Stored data
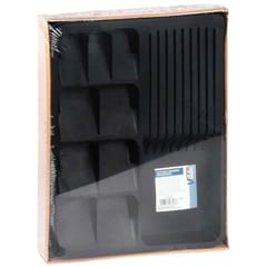 - Wykonany z wytrzymałych materiałów - Wykonany z najwyższej jakości tworzywa w czarnym kolorze. Wkład do szuflady jest wytrzymały i solidny.
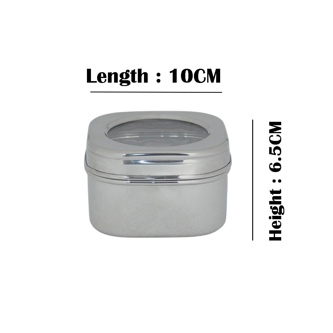 This stainless steel container is designed for durability and convenience. It features a clear glass lid that allows you to easily view contents without opening it. Ideal for storing spices, dry fruits, snacks, or small kitchen ingredients, its sleek and shiny finish adds a modern touch to any kitchen. The airtight seal helps keep contents fresh and protected from moisture.
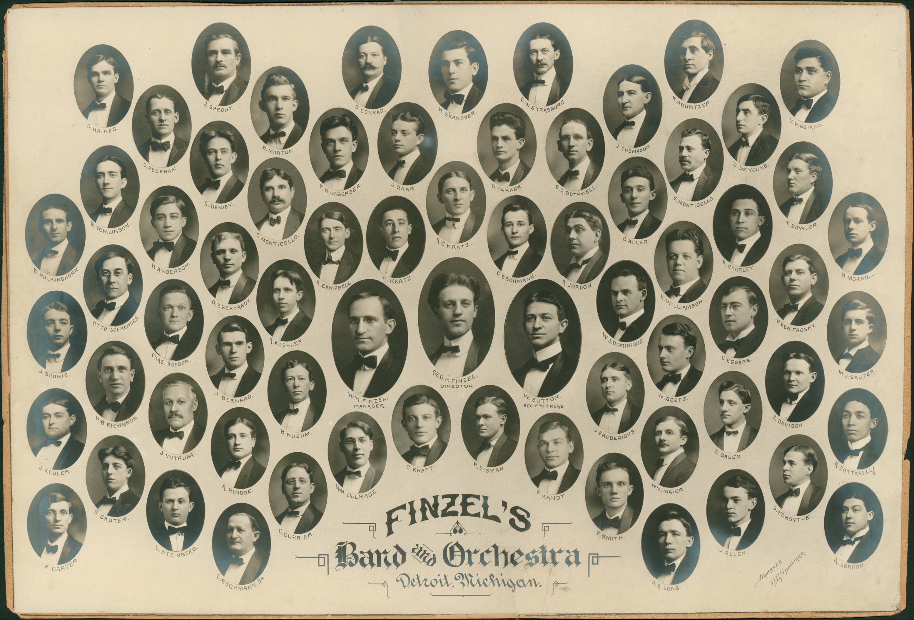Individual portraits of band members in evening dress; arranged in ovals on photograph. William Finzel led Detroit jazz dance band in the 1920s; called Finzel's Arcadia Orchestra of Detroit 1923-1925. Printed on photograph front (musicians listed in rows left to right): "Finzel's band and orchestra; Detroit, Michigan. C. Haines, J. Specht, G. Conrad, H. Grandover, G.W. Strasburg, R. Krupitzer, V. Viggiano; G. Peckham, C. Dewey, B. Morton, F. Humberger, J. Saar, B. Parker, G.D. Bothwell, J. Thompson, S. Monticello, D. DeYoung, T. Bowler; E. Polkinghorn, B. Tomlinson, H. Anderson, O. Eberhardt, C. Monticello, A. Campbell, A. Kratz, R.C. Kratz, C. Eschmann, A. Jordon, C. Aller, H. Williamson, R. Charley, T. Bowler, H. Morrill; J. Scobie, Otto Schremser, Chas. Roeder, J. Bernard, A. Koehler, Wm. Finzel, manager, Geo. H. Finzel, director, W. Sutton, sec'y. and treas., W.J. Dominique, W. Goetz, C. Eggers, H. Komfrosky, M.J. Sauter; J. Keuler, H.B. Richards, J. Vortruba, A. Rindge, B. Nuzum, Wm. Dulmage, C. Kraft, R. Sigman, F. Kandt, J. Fredericks, Wm. Maier, E. Bauer, G. Forsythe, A. Zottarelli; H. Carter, G. Sauter, L. Steinberg, C. Eschmann, Sr., C. Currier, F. Smith, S.A. Long, J. Allen, R. Jordon. Photos by D.D. Spellman." Typed on label on mat back: "Composite photograph of Finzel's band & orchestra. (Mrs. Alice Cowdin, 255 Tennyson, Highland Park, Michigan 48203)."
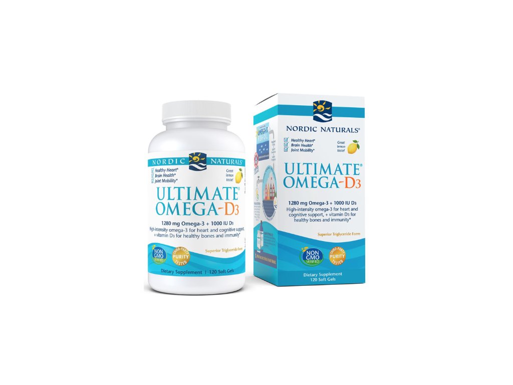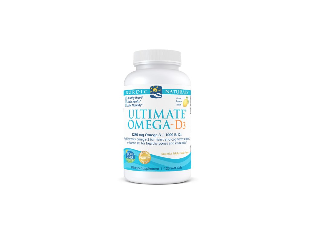 Az Ultimate Omega-3 1280 mg omega-3 esszenciális zsírsavat tartalmaz minden adagban. Segít optimalizálni az immunrendszert, támogatja a szív, az agy, az idegrendszer és az ízületek mobilitását. Minden Nordic Naturals halolaj -terméket trigliceridek molekuláris formájában kínálnak - olyan formában, amely természetes módon fordul elő a halakban, és abban a formában, amelyet a szervezet a legkönnyebben felszív. A végső omega D -vitaminnal dúsított, amely elősegíti a kalcium tárolását a csontokban , ezáltal javítja a csontok egészségét .
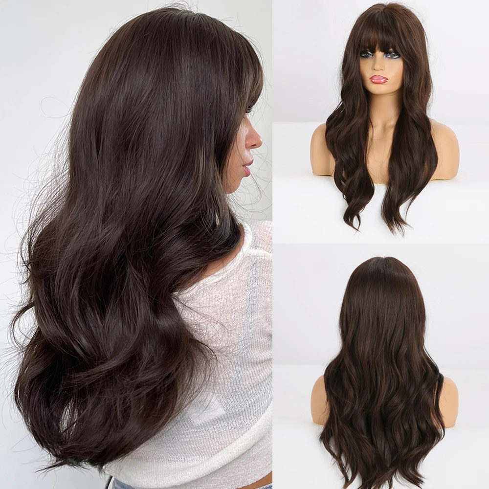 Длинные коричневые волнистые синтетические парики с челкой henmargu...
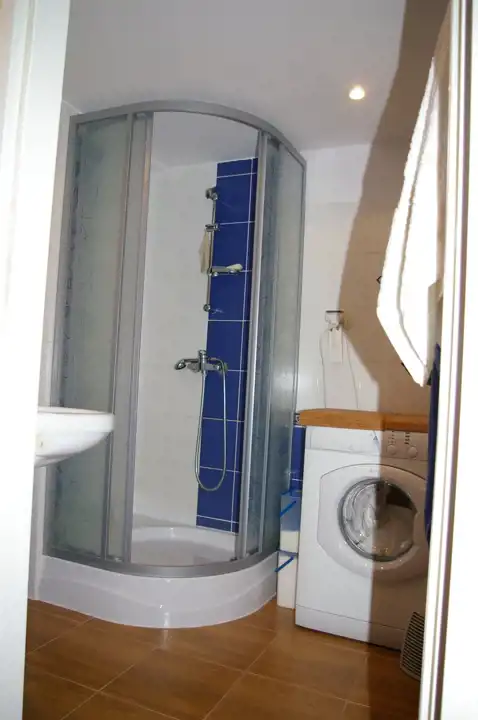- łazienka z kabiną prysznicową, WC, pralka

#### INSTRUCTIONS TO FOLLOW:
Repeat every entry above word for word, and include no pictures.

#### TASK RESPONSE:
 - Wykonany z wytrzymałych materiałów - Wykonany z najwyższej jakości tworzywa w czarnym kolorze. Wkład do szuflady jest wytrzymały i solidny.
 This stainless steel container is designed for durability and convenience. It features a clear glass lid that allows you to easily view contents without opening it. Ideal for storing spices, dry fruits, snacks, or small kitchen ingredients, its sleek and shiny finish adds a modern touch to any kitchen. The airtight seal helps keep contents fresh and protected from moisture.
Individual portraits of band members in evening dress; arranged in ovals on photograph. William Finzel led Detroit jazz dance band in the 1920s; called Finzel's Arcadia Orchestra of Detroit 1923-1925. Printed on photograph front (musicians listed in rows left to right): "Finzel's band and orchestra; Detroit, Michigan. C. Haines, J. Specht, G. Conrad, H. Grandover, G.W. Strasburg, R. Krupitzer, V. Viggiano; G. Peckham, C. Dewey, B. Morton, F. Humberger, J. Saar, B. Parker, G.D. Bothwell, J. Thompson, S. Monticello, D. DeYoung, T. Bowler; E. Polkinghorn, B. Tomlinson, H. Anderson, O. Eberhardt, C. Monticello, A. Campbell, A. Kratz, R.C. Kratz, C. Eschmann, A. Jordon, C. Aller, H. Williamson, R. Charley, T. Bowler, H. Morrill; J. Scobie, Otto Schremser, Chas. Roeder, J. Bernard, A. Koehler, Wm. Finzel, manager, Geo. H. Finzel, director, W. Sutton, sec'y. and treas., W.J. Dominique, W. Goetz, C. Eggers, H. Komfrosky, M.J. Sauter; J. Keuler, H.B. Richards, J. Vortruba, A. Rindge, B. Nuzum, Wm. Dulmage, C. Kraft, R. Sigman, F. Kandt, J. Fredericks, Wm. Maier, E. Bauer, G. Forsythe, A. Zottarelli; H. Carter, G. Sauter, L. Steinberg, C. Eschmann, Sr., C. Currier, F. Smith, S.A. Long, J. Allen, R. Jordon. Photos by D.D. Spellman." Typed on label on mat back: "Composite photograph of Finzel's band & orchestra. (Mrs. Alice Cowdin, 255 Tennyson, Highland Park, Michigan 48203)."
 Az Ultimate Omega-3 1280 mg omega-3 esszenciális zsírsavat tartalmaz minden adagban. Segít optimalizálni az immunrendszert, támogatja a szív, az agy, az idegrendszer és az ízületek mobilitását. Minden Nordic Naturals halolaj -terméket trigliceridek molekuláris formájában kínálnak - olyan formában, amely természetes módon fordul elő a halakban, és abban a formában, amelyet a szervezet a legkönnyebben felszív. A végső omega D -vitaminnal dúsított, amely elősegíti a kalcium tárolását a csontokban , ezáltal javítja a csontok egészségét .
 Длинные коричневые волнистые синтетические парики с челкой henmargu...
- łazienka z kabiną prysznicową, WC, pralka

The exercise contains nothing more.